Eukaryotic cells contain scores of small nucleolar RNAs (snoRNAs), which are required for maturation of pre-rRNA. Two large snoRNA families exist defined by vital box C/D and box H/ACA motifs. The goal of the present study was to gain new insights into the structure and biogenesis of the box C/D snoRNAs; the knowledge developed from this effort was then recruited for practical applications. The investigation was conducted with the phylogenetically conserved U14 and U3 box C/D snoRNAs, from the yeast Saccharomyces cerevisiae. The specific aims included: (1) identification of cis-elements sufficient for biogenesis of the U14 snoRNA; (2) development of a functional map for the U3 snoRNA, and; (3) development of a U3-based model ribozyme system for in vivo studies. Conclusions derived from the U14 biogenesis studies are: (1) production of U14 involves ordered folding of the precursor RNA, and this step is required for formation of the vital box C/D structure motif, and; (2) the active box C/D motif, which is now predicted to consist solely of the box C and D elements, is necessary and sufficient for both accumulation and targeting RNA to the nucleolus.
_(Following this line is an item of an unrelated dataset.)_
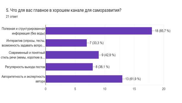 Критерии выбора: для 85,7 % учащихся критически важны полезность и структурированность информации. «Идеальный» канал в представлении подростков — это ресурс с экспертным контентом и понятной подачей.

A general model for box C/D snoRNA biogenesis is proposed. Functional mapping of U3 revealed that: (1) boxes C$\sp\prime$ and D and flanking helices are critical for U3 accumulation; (2) boxes B and C are not essential for U3 production, but are important for function, due most likely to binding of a trans-acting factor(s); (3) the 5$\sp\prime$ portion of U3 is required for function, but not stability, and; (4) the non-conserved hairpins, which account for 50% of the molecule, are not required for accumulation or function. Based on the knowledge obtained with U14 and U3, a model ribozyme system featuring chimeric U3:ribozyme RNAs, or "snorbozymes", was developed and tested in vivo. Remarkably, the cleavage efficiency by a hammerhead ribozyme, both in cis- and in trans-configurations, appears quantitative! Other advantages of the system are: (1) a final product is stable, and; (2) authentic in vivo cleavage can be easily distinguished from artifactual cleavages. Snorbozymes are predicted to be useful for targeting natural transcripts in any eukaryotes, for fundamental research or practical applications.